Venkatadri died on 21 January 2023.

==Awards==
In 2021 he received Dr A T Kovoor National Award instituted by Bharatheeya Yukthivadi Sangham on his 100th birthday. The award was to appreciate his activism and achievement, spreading free-thought and rationalism. One of the previous recipients of Dr A T Kovoor Award was superstar Kamal Haasan. A prolific rationalist author Ravipudi Venkatadri has also received the Kondaveeti Venkatakavi Sahitya Peetham Lifetime Achievement Award in 2021. He received "Modern Charwaka National Award" from Charvaka Kala Peetham, Nellore, Andhra Pradesh in 2021. He received Tripuraneni Ramaswamy National Award from Kaviraju Trust, Hyderabad which was presented through the hands of K. R. Narayanan, then Vice President of India. He was also given the "Bharateeyudu" Award from Bharateeyam, Ongole.

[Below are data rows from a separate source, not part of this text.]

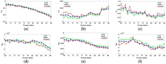 The ego-motion parameters of frame 69 to frame 89 are shown in Figure 7. For most parameters, the subsequent frames generate more accurate results than the former frames due to the tracking strategy. The comparison of the ego-motion estimation error of PM and WSPC for scenario 2 is shown in Table 4.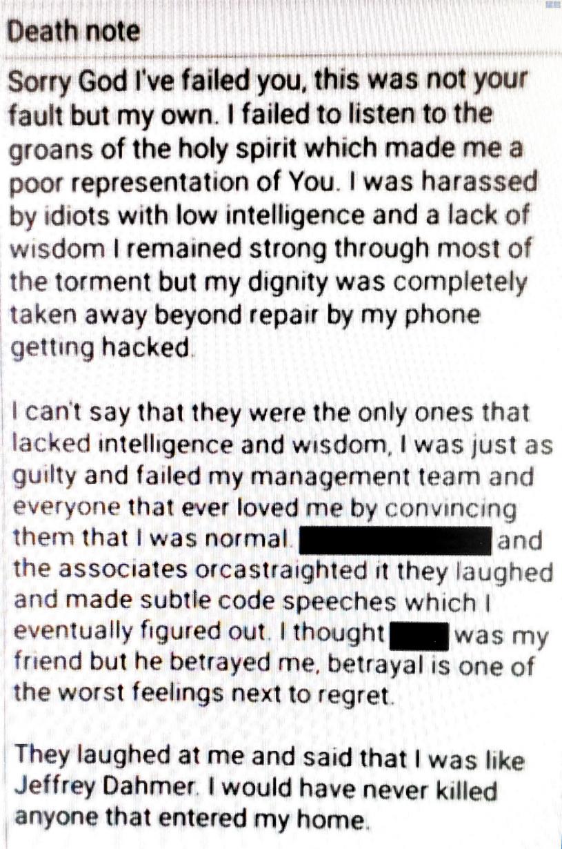 賓格的字條共有11段,思路相當混亂,其中談到癌症非傳統療法,又說他會作曲,並指責同事將他比喻成1970至90年代的變態連環殺手丹墨,寫著「我絕不會殺死闖入我屋子的人」。丹墨在1978至1991年間共殺死、肢解17名男子,被稱為「密爾沃基食人魔」,其故事經電視台拍成紀錄片。
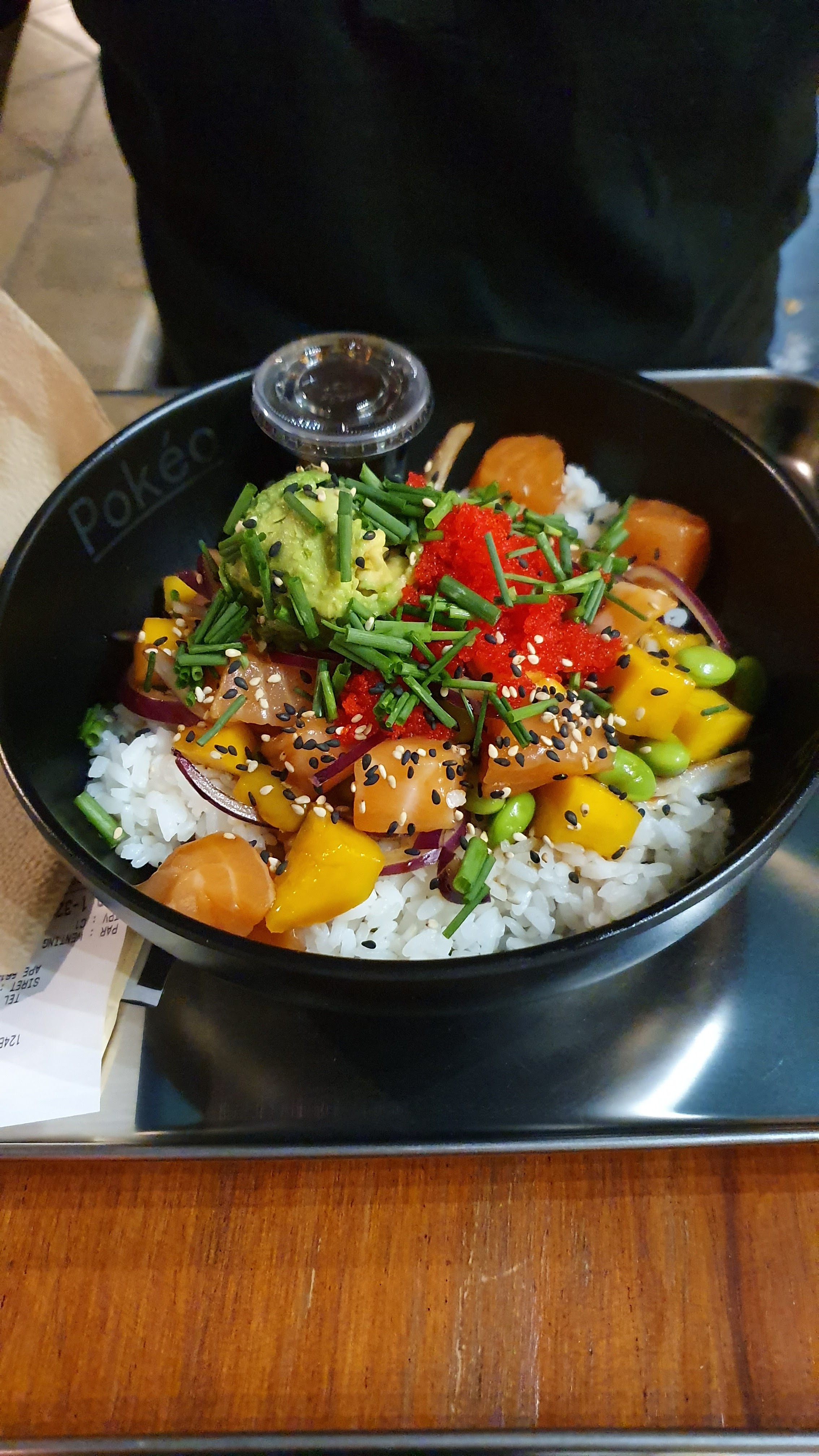 Je fais pour le moment un comparatif des enseignes proposant des Poké et celui ci n'est pas exceptionnel. Le prix est vraiment agréable, environ 10 euros. Les quantité correctes, mais ne pas s'attendre à beaucoup de protéines ou de bon gras (comme l'avocat). Niveau goût, bha là c'est pas exceptionnel. Le ris n'est pas assaisonner ( même peut être un peu trop cuit, car trop mou), et le poisson non plus ni le reste d'ailleurs. La seule chose qui assaisonne c'est la sauce. Alors que le principe d'un Poké c'est des carrée de poisson mariné mais là non. Donc bon, j'ai essayé, mais je ne reviendrai pas. Ni bon ni mauvais, déçue car j'aurai pu le faire chez moi.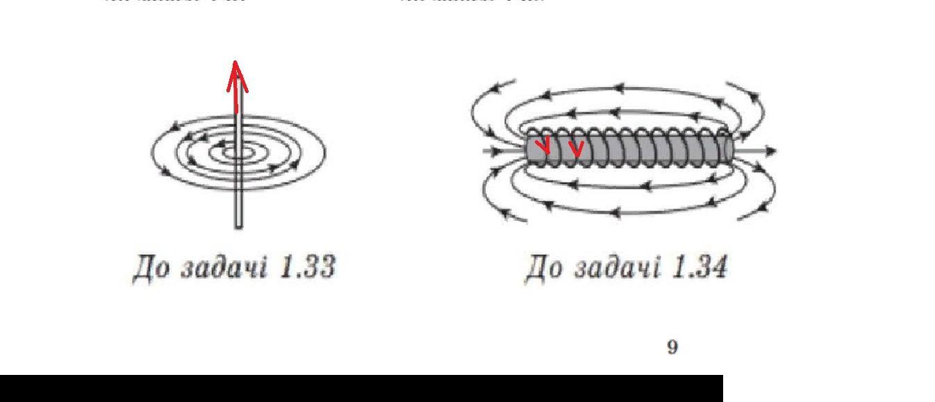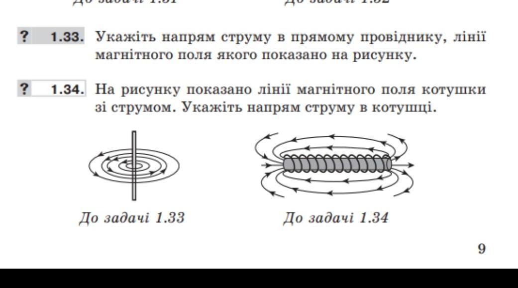 1.33. Укажіть напрям струму в прямому провіднику, лінії магнітного поля якого показано на рисунку. 1.34. На рисунку показано лінії магнітного поля котушки зі струмом. Укажіть напрям струму в котушці. រន кера До задачi 1.33 До задачi 1.34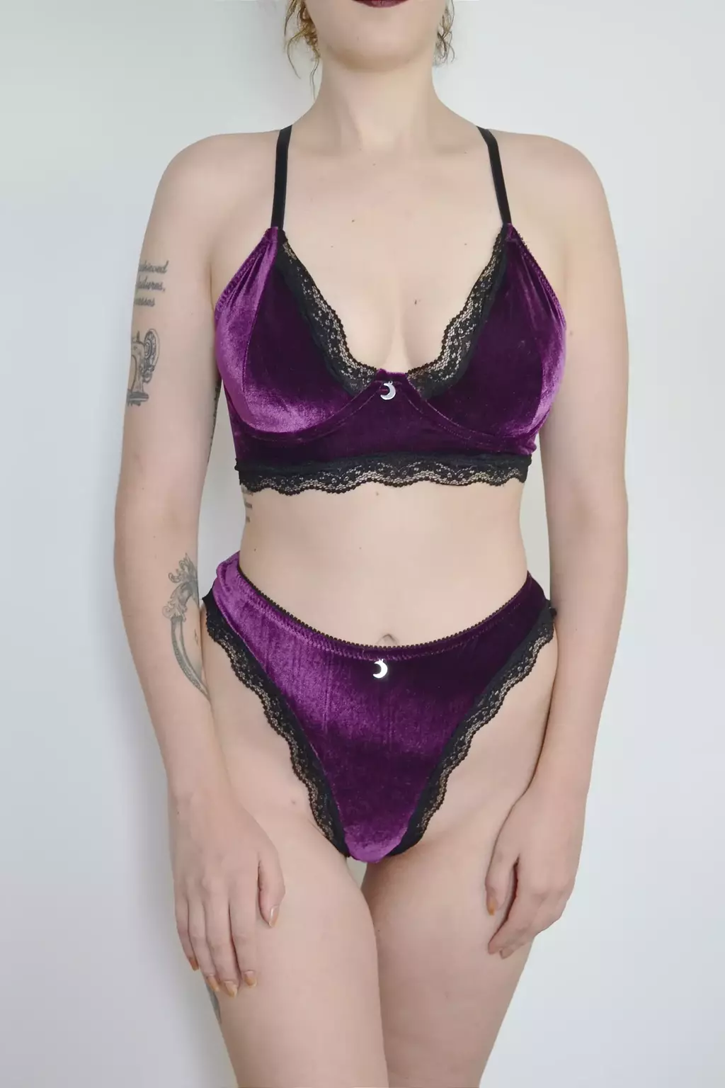 Calcinha asa delta e alta, inteiramente em veludo com elastano na cor roxo* com acabamento em renda poliamida estreita preta*. Tecido sem transparência. Modelagem pensada no conforto. Peça mais estreita nas costas, trazendo mais sensualidade a peça! Pingente lua aço inoxidável no centro frente. Fundilho 100% algodão.
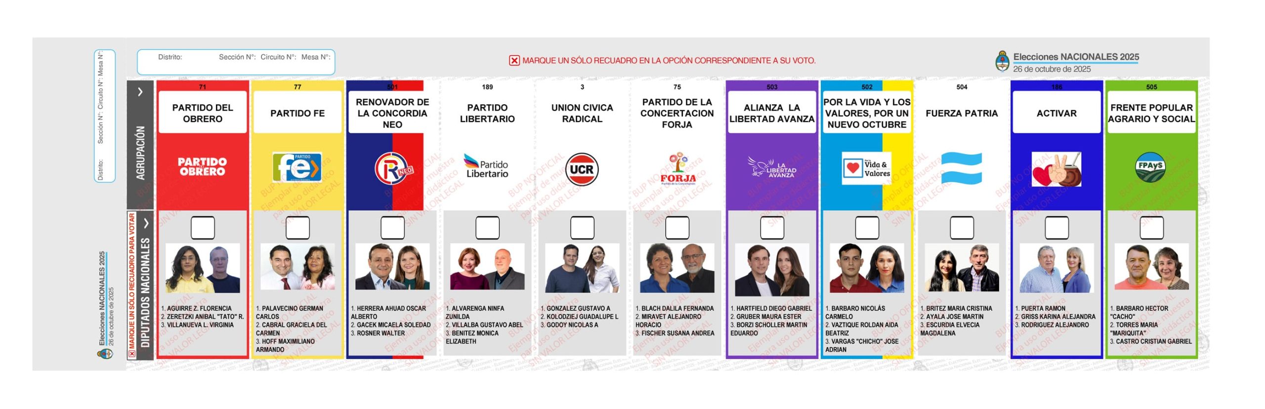 3. Está autorizado realizar una sola marca por cada categoría, como diputado o senador si corresponde. El diseño de la boleta distribuye las alternativas partidarias y sus candidaturas en columnas, mientras que las categorías a elegir aparecen dispuestas en filas, lo que permite comparar de manera simultánea todas las opciones disponibles.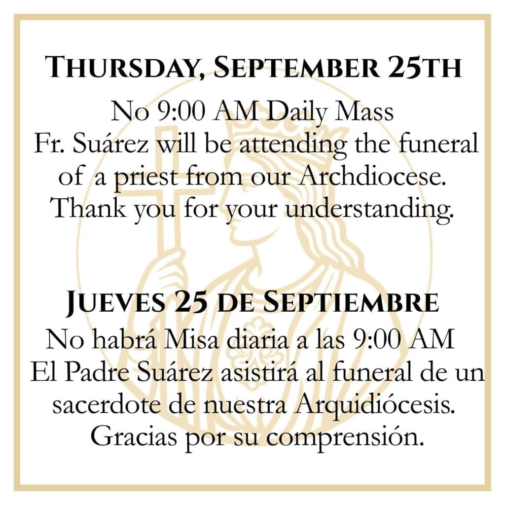 Bulletin September 21, 2025September 19, 202525 de septiembre – No habrá Misa a las 9:00 AMSeptember 23, 2025 September 25th, No 9AM Daily Mass Related postsSeptember 30, 2025October 5th, Coffee & DoughnutsRead more Comments are closed.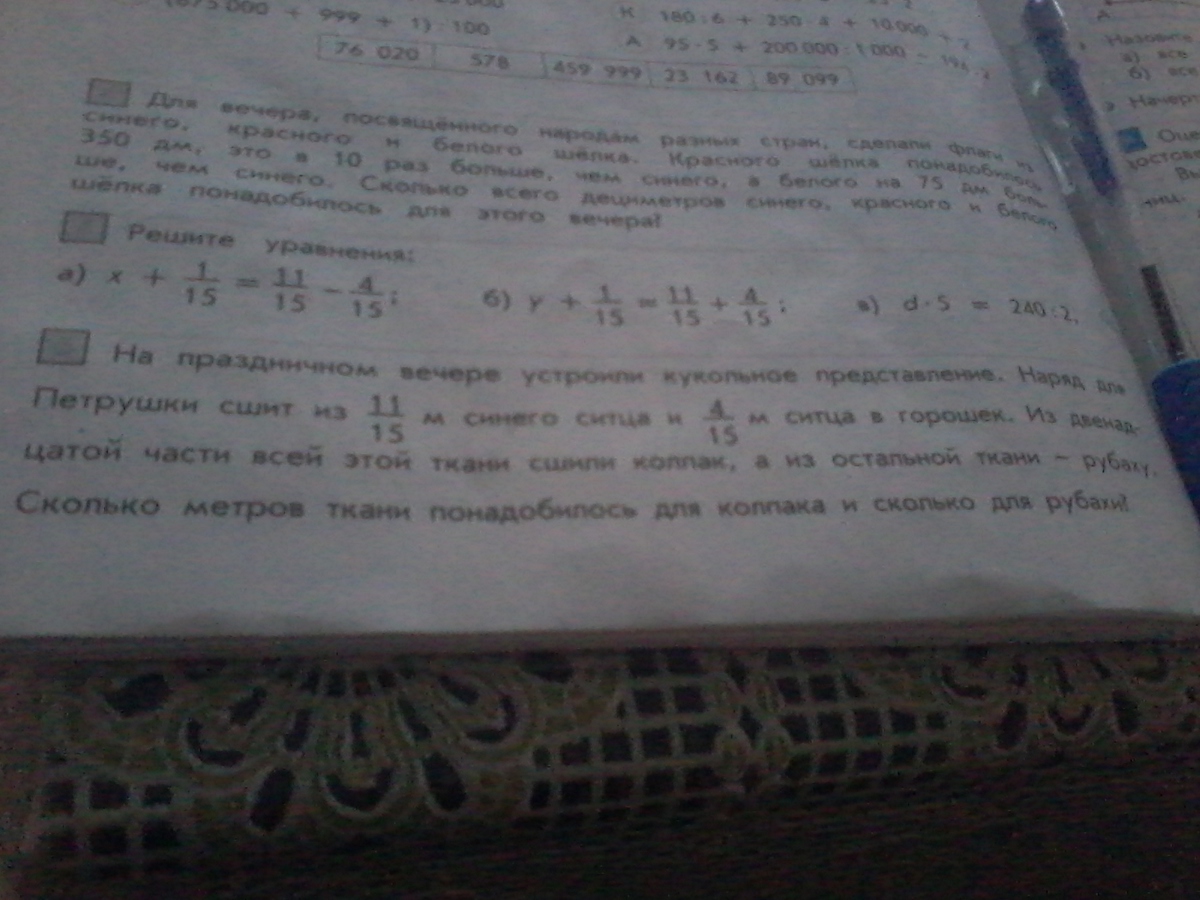 11/15+4/15=15/15 = 1 м - это вся ткань

==Radical Humanist Centre==
Radical Humanist Centre at Inkollu, Andhra Pradesh was founded by Ravipudi. It constructed a building on the land donated by Ravi Subbarao, a retired post master. This building houses a conference hall, rooms for guests including amenities for them and a well stocked library with back issues of the monthly magazine Hetuvadi, books on rationalism, humanism and atheism – mostly written by Ravipudi Venkatadri himself.

==Hetuvadi==
Hetuvadi – a monthly journal, meaning of the title in English The Rationalist – is devoted to Science, Rationalism and Humanism was being edited by Ravipudi Venkatadri. This periodical in Telugu was started in the year 1982.

==Quote of Ravipudi==
"If we hang on to the concept of Godhood, that has been drowning mankind in the deep waters of ignorance for thousands of years – in spite of the fact that it is unfounded, useless and unproven – evidently it shows that we do not accept evolution of ideas."